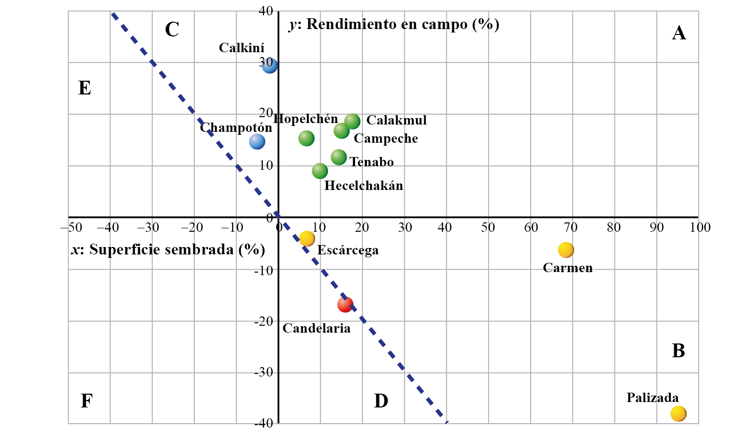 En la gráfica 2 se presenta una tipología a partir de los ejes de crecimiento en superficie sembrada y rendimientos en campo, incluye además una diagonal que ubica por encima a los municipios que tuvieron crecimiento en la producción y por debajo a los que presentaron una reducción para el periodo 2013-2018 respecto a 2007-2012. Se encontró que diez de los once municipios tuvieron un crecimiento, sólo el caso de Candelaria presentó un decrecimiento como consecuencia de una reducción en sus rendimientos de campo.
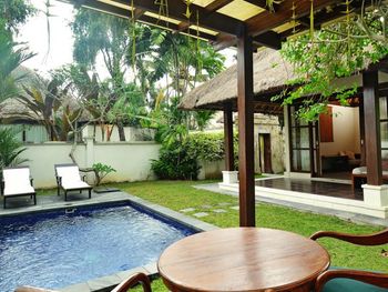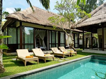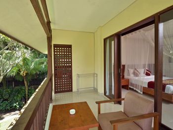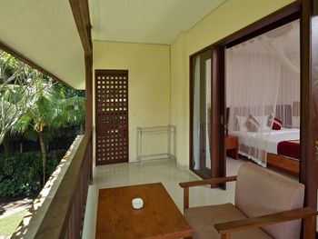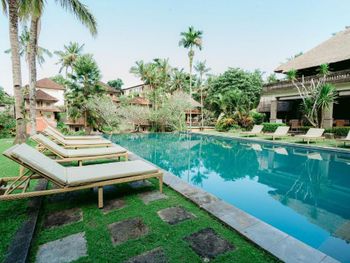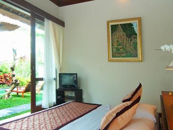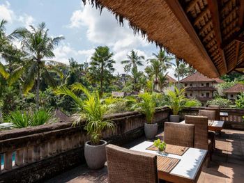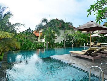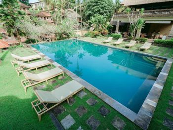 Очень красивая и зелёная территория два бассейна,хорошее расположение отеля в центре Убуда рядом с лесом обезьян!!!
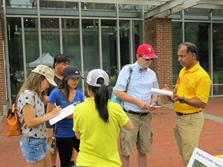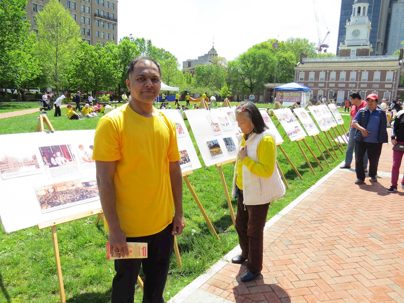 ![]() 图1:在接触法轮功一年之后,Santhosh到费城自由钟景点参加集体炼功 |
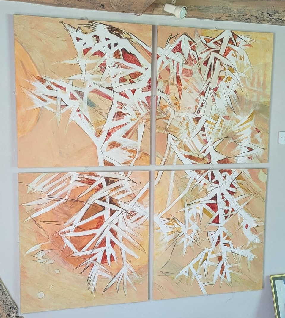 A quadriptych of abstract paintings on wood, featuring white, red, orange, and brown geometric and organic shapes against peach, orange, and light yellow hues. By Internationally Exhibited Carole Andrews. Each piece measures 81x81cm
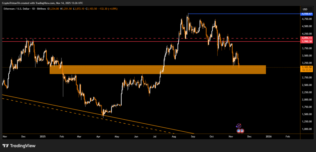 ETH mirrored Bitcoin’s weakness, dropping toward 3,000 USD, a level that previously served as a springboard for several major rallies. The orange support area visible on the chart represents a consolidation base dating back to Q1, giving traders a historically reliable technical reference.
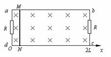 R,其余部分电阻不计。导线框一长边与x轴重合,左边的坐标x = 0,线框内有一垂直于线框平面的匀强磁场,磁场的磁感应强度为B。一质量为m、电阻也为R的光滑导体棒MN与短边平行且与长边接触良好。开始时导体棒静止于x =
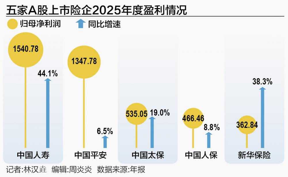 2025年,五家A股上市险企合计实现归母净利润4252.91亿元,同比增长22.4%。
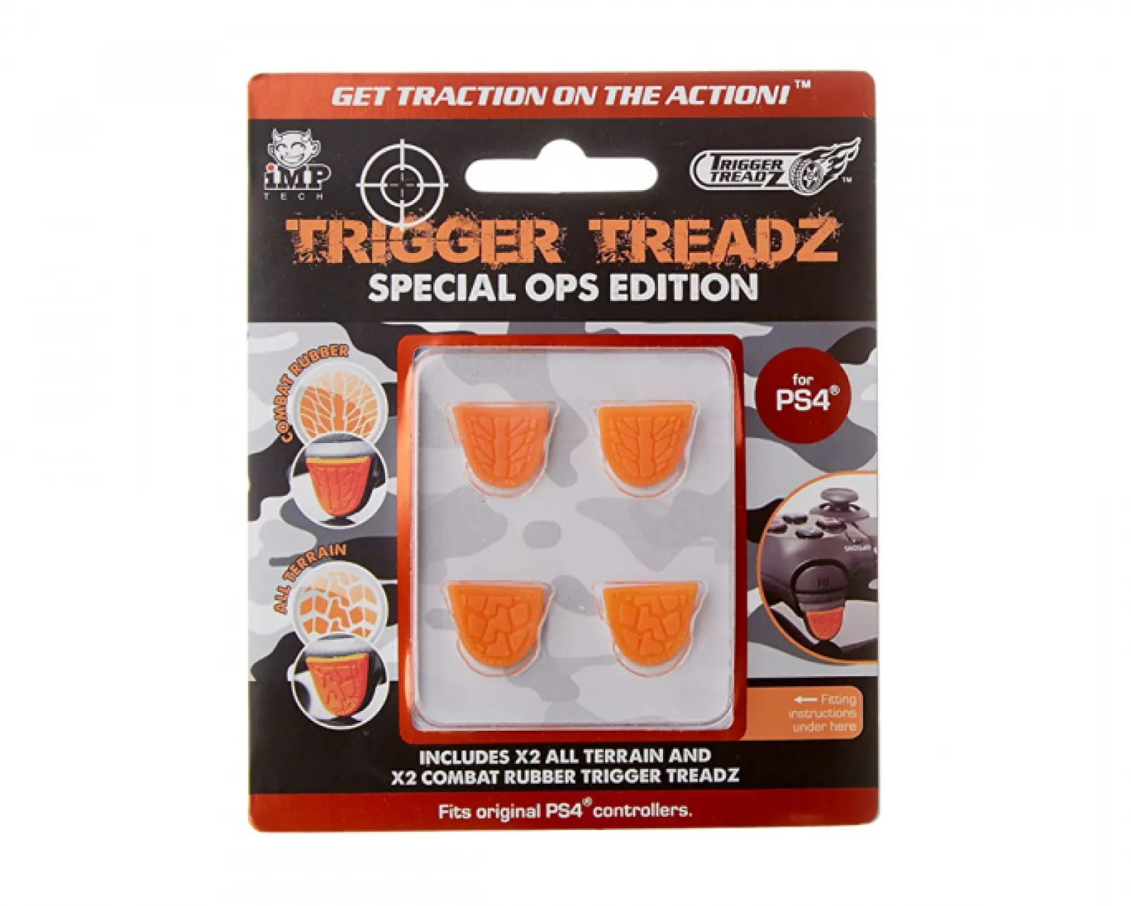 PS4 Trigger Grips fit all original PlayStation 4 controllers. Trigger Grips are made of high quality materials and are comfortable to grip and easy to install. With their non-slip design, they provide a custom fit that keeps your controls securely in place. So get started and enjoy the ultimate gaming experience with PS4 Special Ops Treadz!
==
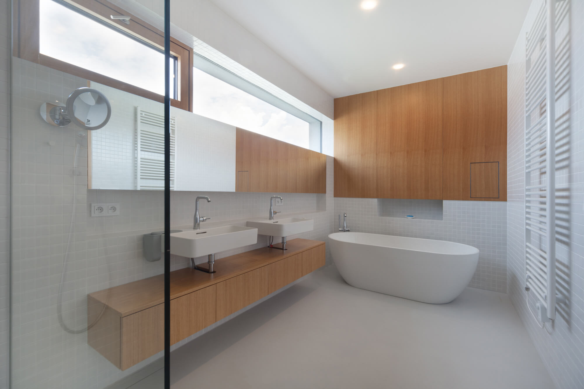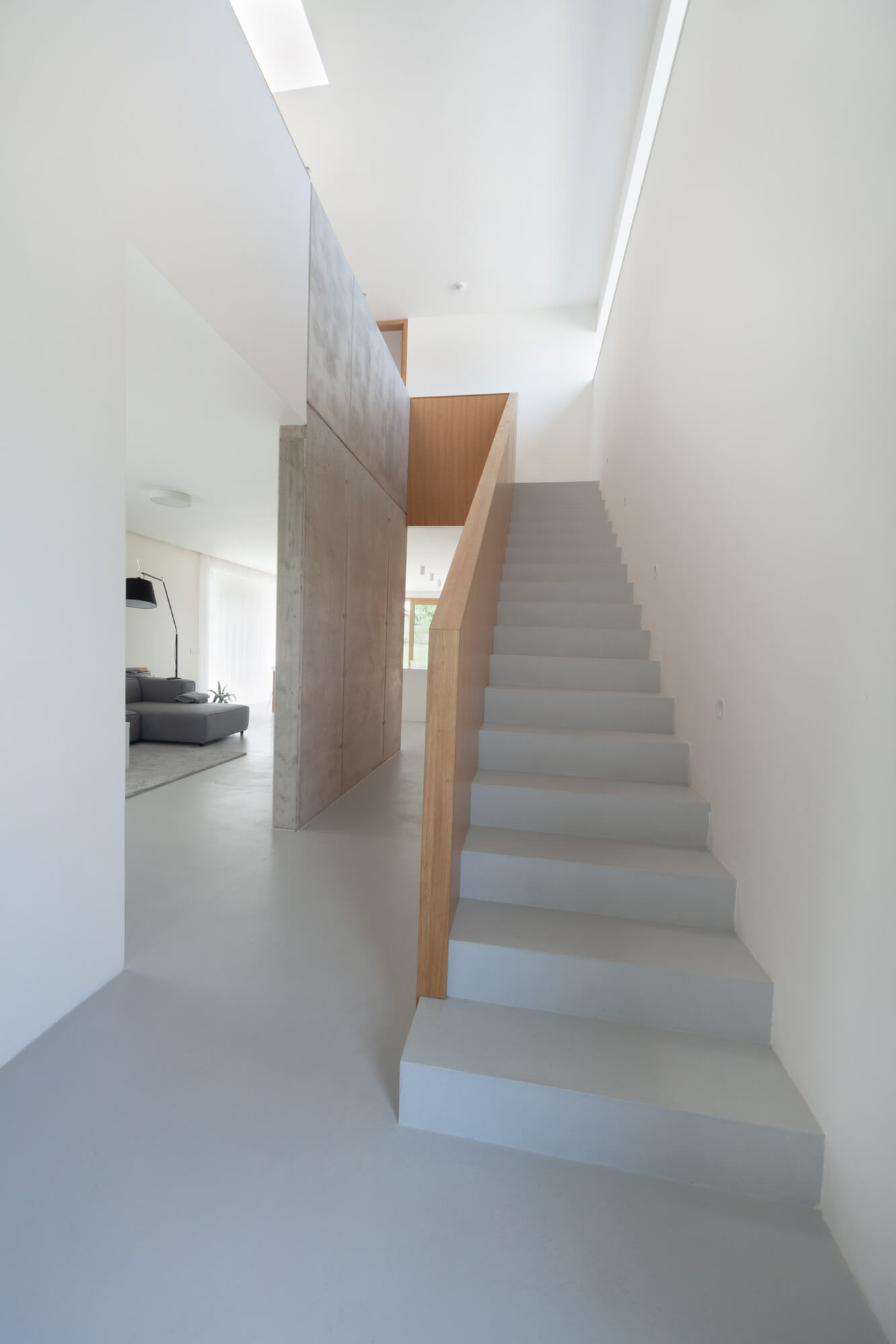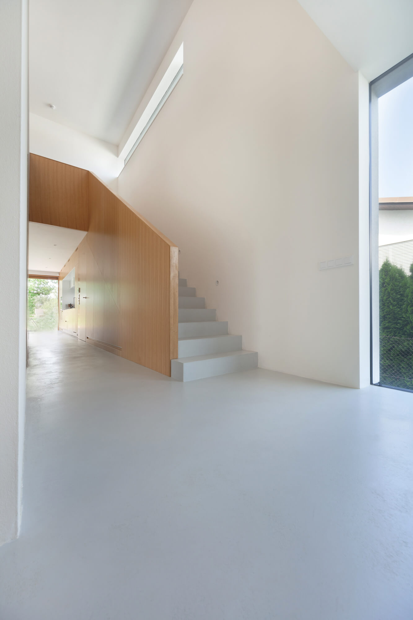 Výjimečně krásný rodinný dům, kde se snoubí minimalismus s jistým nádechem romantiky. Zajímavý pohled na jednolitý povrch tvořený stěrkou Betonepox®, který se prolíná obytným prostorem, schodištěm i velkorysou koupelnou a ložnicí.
==
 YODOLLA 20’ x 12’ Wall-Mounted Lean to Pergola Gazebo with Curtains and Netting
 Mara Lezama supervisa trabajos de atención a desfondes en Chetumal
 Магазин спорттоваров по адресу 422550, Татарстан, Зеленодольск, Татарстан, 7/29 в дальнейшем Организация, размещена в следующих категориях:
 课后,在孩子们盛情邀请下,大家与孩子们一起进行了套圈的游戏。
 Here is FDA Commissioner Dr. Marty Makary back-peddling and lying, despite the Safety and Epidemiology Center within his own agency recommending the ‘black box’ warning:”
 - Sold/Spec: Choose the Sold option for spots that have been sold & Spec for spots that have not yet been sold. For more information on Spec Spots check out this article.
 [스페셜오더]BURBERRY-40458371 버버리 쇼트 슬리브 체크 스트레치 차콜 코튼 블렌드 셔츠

> _Task brief_:
Look above for the line containing "Mara Lezama supervisa" and the line containing "课后,在孩子们盛情邀请下,大家与孩子们一起进行了套圈的游戏。". Transcribe both, with the lines between them, exactly.

> _Task answer_:
 Mara Lezama supervisa trabajos de atención a desfondes en Chetumal
 Магазин спорттоваров по адресу 422550, Татарстан, Зеленодольск, Татарстан, 7/29 в дальнейшем Организация, размещена в следующих категориях:
 课后,在孩子们盛情邀请下,大家与孩子们一起进行了套圈的游戏。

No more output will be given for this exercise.